Having hammered the menu aesthetic into a cohesive form, it was time to fall upon the actual gameplay interface, and knock that into place. Ideally, games don't need to hold your hand through every simple action: you want it to feel like you're pulling on clothes that fit exactly as they should, without a tailor fussing about, or an instruction manual to refer to.
But when I sat people down with an early prototype of Chess Heroes, and they asked "which one am I," when there was a single white King, on the left, facing off against three black Pawns, I realized that there would have to be more handholding that I originally thought.
I'll admit, I spun my wheels for a bit, desperate for a way to indicate to the player what was going on, without using ugly in-game menus or text. Finally, I decided to pull up some videos of an old-school tactics game: Heroes of Might and Magic II. When I saw the cursor icons, I realized: that was the core solution!

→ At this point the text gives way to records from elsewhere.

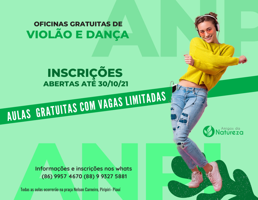 Estão abertas desde a última segunda-feira (20/09), até o dia 30 de outubro as inscrições para as oficinas de violão e dança da Associação Ambiental e Cultural Amigos da Natureza de Piripiri , ANPI.
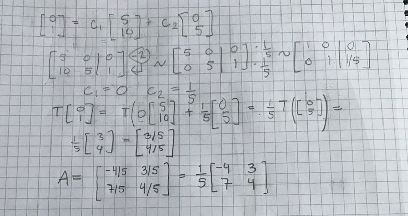 En variant för att lösa den här typen av uppgifter är att ta fram avbildningarna av basvektorerna. Vad blir T([0,1]) och T([1,0])?
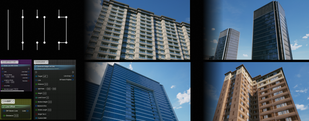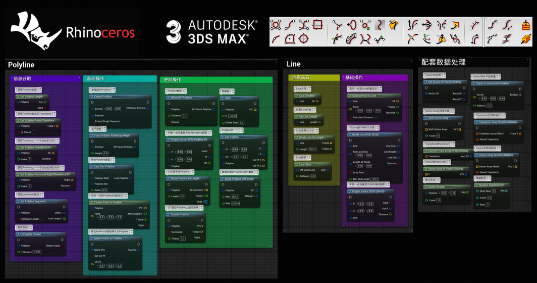 第二层是三维设计层,类似DCC软件的基础能力,它是以蓝图函数库为载体,提供点线面的通用几何处理与逻辑判断。为此,我也引入了一些UE之外的线条操作的几何概念,以支撑建筑设计学科的一些典型思路。功能诸如:线条最近点求取,平面投影、范围细分等等。
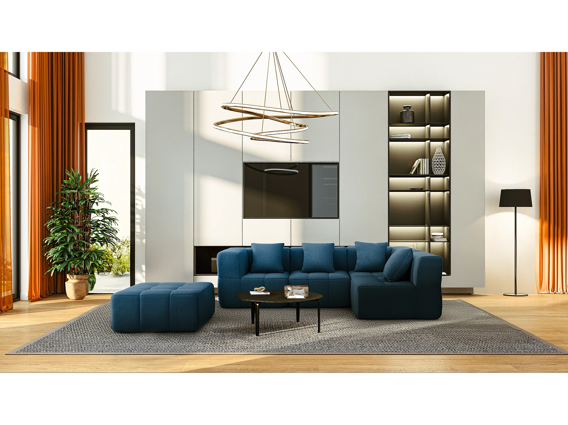 Canapé d'angle modulaire MILYSOFA SOFABULOUS 4 places avec méridienne Tissu fine bouclette Bleu profond
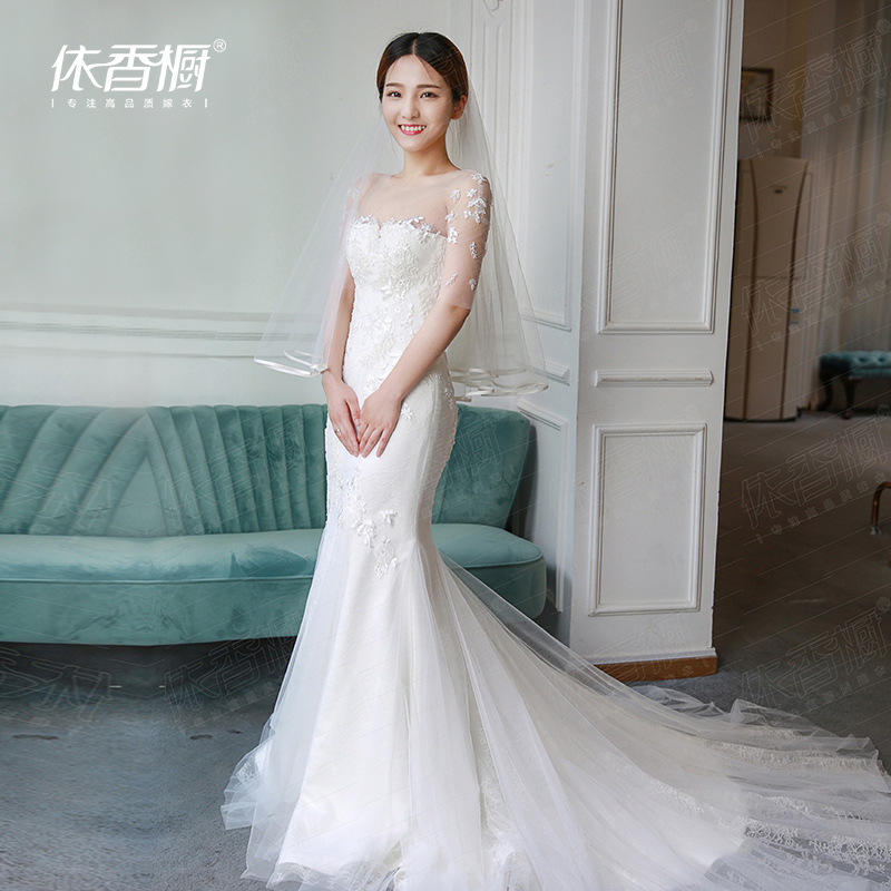 Long Sleeve Main Fishtail Wedding Dress Bride 2019 New Slim Female Sen Department Of Simple Little Tail Was Thin Light
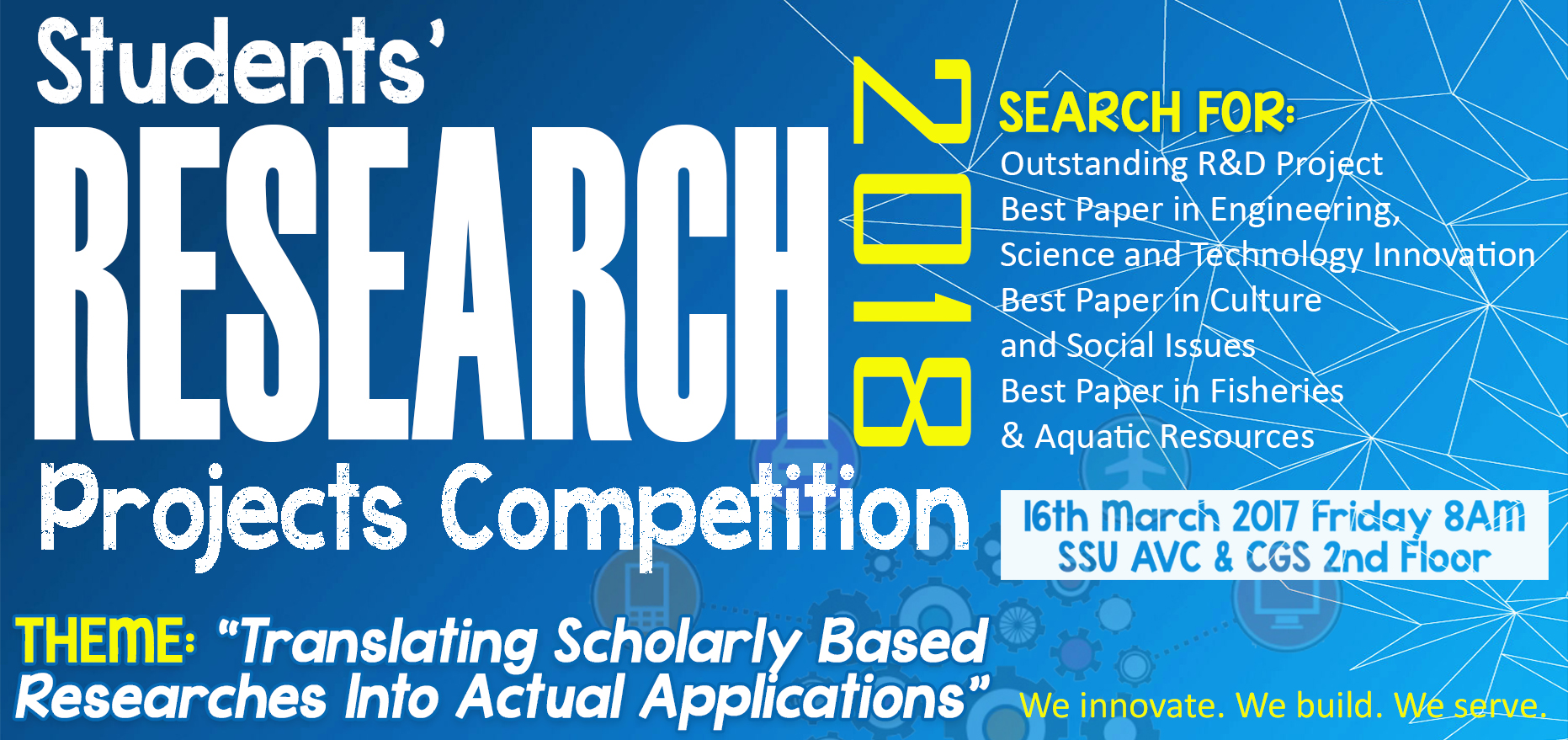 There will be three (3) awards to be given for oral presentation and one (1) for the poster presentation. Paper receiving the highest rating will be awarded as the 2018 outstanding research & development project. The rest of the papers will be ranked according to the rating it received. The next paper with highest rating belonging to the following areas will be considered as best paper. If for example, a social science research was considered as outstanding, no more paper under the same category will be awarded best paper. This means that the outstanding paper on this area is also the best paper. All paper awarded must have a minimum rating of 85%.
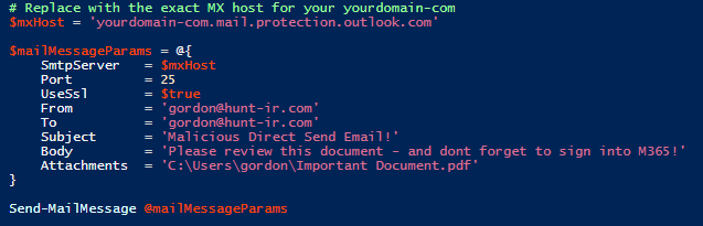 The screenshot below shows example PowerShell code crafted to send a phishing email via Direct Send:
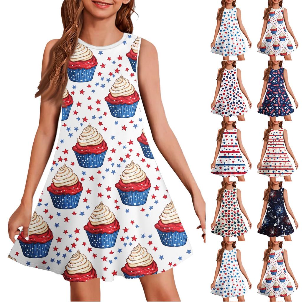 Летнее платье для девочек без рукавов с принтом в цвете, повседневное платье
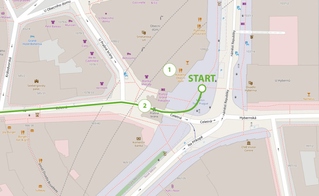 Аби розпочати нашу прогулянку, варто приїхати на Náměstí Republiky, звідки маршрут фактично і починається. Ми ж підемо в сторону дуже гарного сецесійного Громадського дому на місці котрого колись стояв Королівський Двір. Його збудував король Вацлав IV для свого двору. І хоча він сам не проходив коронаційний шлях, його наступники: Альбрехт II, Іржи з Подебрад та інші заклали нову традицію. Попри те, що в 1484 році Владислав Ягеллончик королівський двір перенесли назад на Град, традиція збереглася. Королівський Двір втратив свої функції. Спершу в одній частині мешкали Лобковіци, потім кардинал Арношт Войтех з Харраху влаштував тут Архієпископську семінарію. Врешті після пожежі колишнім палацом почали опікуватися Єзуіти, а після скасування чернечих орденів за часів імператора Йозефа ІІ тут відкрили кадетську школу, котра проіснувала до 1900 року.
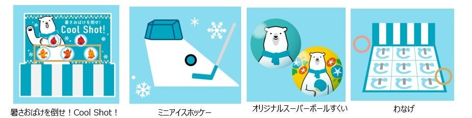 昨年に続き2回目の開催となる今回のイベントは、「子供も大人もワクワクたのしい夏祭り」をテーマとし、納涼チャレンジと題したスーパーボールすくいやわなげ、的当てゲームのほか、かざぐるまの工作などを体験いただけます。また、白くまくんをモチーフとしたミストゲートやドームテント、氷の中に閉じ込められたような写真を撮影できる凍結フォトスポットなどの涼しさを演出するコンテンツをご用意しています。また、会場でゲームに参加された方やSNSに写真を投稿いただいた方を対象に※1※2、オリジナルグッズやフローズンドリンクなどのプレゼントもご用意しています。
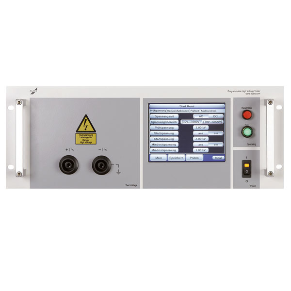 Das mehrfarbige Touch-Panel ermöglicht eine ergonomische Bedienung der Prüfgeräte, die standardmäßig mit serieller RS232C-Schnittstelle ausgerüstet sind (wahlweise mit Ethernet bzw. USB). Alle Geräte sind auch ohne Bedienmodul erhältlich, z.B. für den Einsatz in automatischen Systemen.
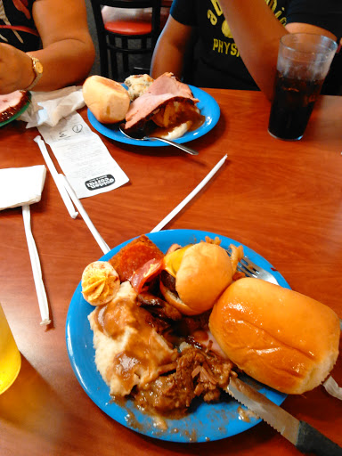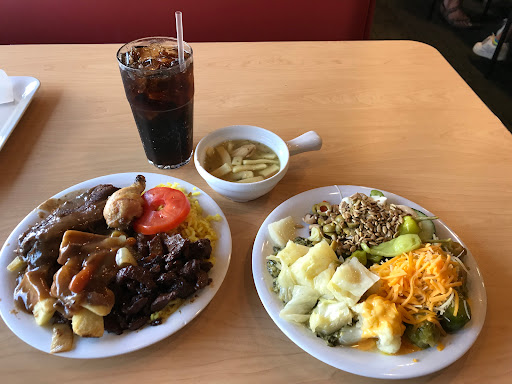 Food was good, wish they offered more healthy choices , with out gravys, not fried, ect. Things are a bit salty. I really dont understand why they changed the salad bar around. They put the lettuce in the middle right where everyone is entering and it ends up clogging up right there. Then they put the dressings in the middle so you have to put everything on top of the dressing. The layout is redicioulous. Several people were in line complaning. I hope they see this and change it around for the convenience of their customers.

I'd shied away from custom cursors in Unity before, because they rendered at game speed instead of hardware speed (imagine a target reticle following your mouse, and only catching up when you slowed it down). But in Unity 4, they introduced hardware-speed custom cursors!
Happily, I went to game-icons.net, found some likely candidates, and went to work. Here are the results so far:
This changes the cursor into a "verb," so to speak: select, move, kill, etc. The next questions players have are: what is the subject ("who is doing this verb?") and what is the object?
Without the ability to dynamically draw an outline around mesh objects (I believe that's only in Unity Pro), I fell back on an old "cel-shading" trick: increasing the scale of a mesh and reversing the normals.*
It's not perfect, but for now, it's Good Enough. You move the mouse around, and the cursor changes to a Pointing Finger when it goes over a chess piece. You click, the piece glows gold, and the finger now has an X on it. You click, it's deselected, and the finger goes back to normal. Ah! Select and deselect.
You select the piece again, then move the cursor around the screen. You highlight a space, and see a boot: walk here. You highlight an enemy piece, it glows red, and the cursor becomes a sword: capture this. It all makes sense! That's a happy place to be right now.
* Everything in a game is drawn with triangles, and every triangle is one-sided. The side it faces is represented by the normal (I don't know why it's called that!). Imagine a perfect one-way mirror: one side is transparent, while you can see your face on the other side. That side is where the normal is facing.